Re: Global tags [was: HTTP Protocol Extentions] from Larry Masinter on 1997-09-22 (www-push@w3.org from July to September 1997)

From: Larry Masinter <masinter@parc.xerox.com>
Date: Mon, 22 Sep 1997 14:01:46 PDT
To: Arthur van Hoff <avh@marimba.com>
CC: Push Workshop <www-push@w3.org>, DRP Mailing List <drp@marimba.com>
Message-ID: <3426DCBA.C92482F9@parc.xerox.com>

Part of the problem in this discussion is that you continue to
use the phrase "Content Identifier" in ways that are contrary
to the common usage in other Internet protocols. I'm trying to
be careful, but it's hard if we're not speaking the same language.

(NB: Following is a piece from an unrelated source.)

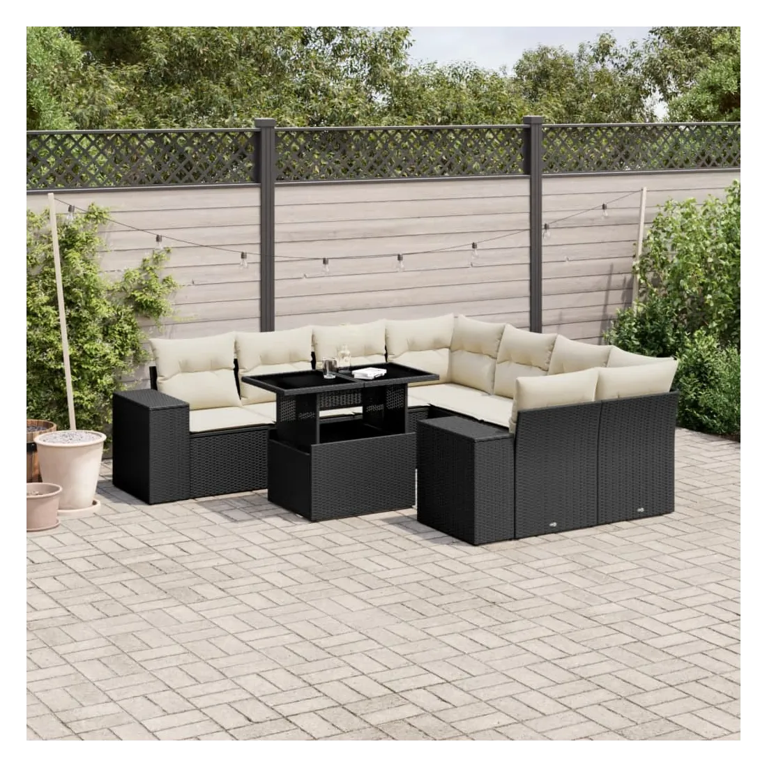 Cet ensemble de canapés de jardin est le complément parfait de votre arrière-cour, terrasse ou patio, offrant un espace confortable et accueillant pour discuter avec la famille et les amis ou simplement se détendre et profiter de l'extérieur. Matériau durable : la résine tressée, également connue sous le nom de poly rotin, est un matériau synthétique solide et nécessitant peu d'entretien qui ressemble au rotin naturel. Il est léger, facile à nettoyer et couramment utilisé pour les meubles d'extérieur en raison de sa durabilité et de ses propriétés de résistance aux intempéries.Dessus de table réglable : le dessus de table peut être soulevé pour rendre la table plus haute, ce qui transforme la table d'extérieur d'une table basse à une table de salle à manger. Elle est parfaite pour recevoir des invités ou prendre des repas à l'extérieur.Expérience d'assise confortable : ce mobilier d'extérieur, doté de coussins épais, offre une expérience d'assise confortable.Housse amovible et lavable : ces coussins de siège sont dotés de housses amovibles pour un lavage et un entretien faciles.Conception modulaire : cet ensemble de meubles d'extérieur a une conception modulaire, ce qui le rend complètement flexible et facile à déplacer, afin que vous puissiez créer un agencement de meubles d'extérieur personnalisé. Bon à savoir :Pour que vos meubles d'extérieur restent beaux, nous vous recommandons de les protéger avec une housse imperméable.

In the following message, a "Content Identifier" is intended
to refer to what is described in section 7 of RFC 2045 (the
replacement for RFC 1541), entitled "The Content-ID header",
a world unique identifier for content, noted as being similar
to the "Message-ID" header; the Content-ID header also appears
in RFC 1848, RFC 1872, etc.

> I'm still not sure that this makes a lot of sense. An MD5 content
> identifier would look something like this:
> 
>    cid:md5:PEFjWBDv/sd9alS9BYuX0w==@md5.w3.org
> 

You don't need "cid:md5:" at all as a prefix if you're using
"Content Identifier" in the standard meaning, as what occurs
in an email message or HTTP "Content-ID" header.

> We would probably have to escape the / and + character in the
> base 64 encoding.

No, there's no need to escape either one of those, either in
Content-ID headers, or in URLs which are constructed from them
using the method outlined in RFC 2111.

> I don't see why this is better than:
> 
>    urn:md5:PEFjWBDv/sd9alS9BYuX0w==

There are two separate roles for protocol elements in the protocols
we are designing. One role is for an "identifier": a short string
used to represent some other content, where the identifier is guaranteed
by the origin to be unique. The second is for a "verifier": a short
string used to verify that some content actually matches what the
identifier is intended to identify. In most Internet protocols, these
roles are separated: the former is satisfied by "Content-ID" and the
latter by things such as "Content-MD5". In the protocol you're
designing,
you want to use the same string for both "identifier" and "verifier",
but -- at the same time -- also want to have multiple verifiers (e.g.,
both md5 and sha).

Rather than invent an entirely new kind of identifier, it is better,
I think, to just extend the existing identification mechanism
("content-id")
to have a subset of identifiers which can also act as verifiers.
(Content-IDs from a well known domain, where the LHS is the MD5).

In other situations, you might want to keep the role of identifier and
verifier separate, not even have a verifier, require that the verifier
be signed, allow some other kind of matching other than byte-for-byte
equivalence, etc.

> What does the "@md5.w3.org" add?

The ability to use DNS registration rather than IANA registration for
the authority of uniqueness and the space of mapping from identifier
to verifier.

> Have fun,
> 
>         Arthur van Hoff

I'm trying.

Larry
-- 
http://www.parc.xerox.com/masinter

Received on Monday, 22 September 1997 17:02:16 UTC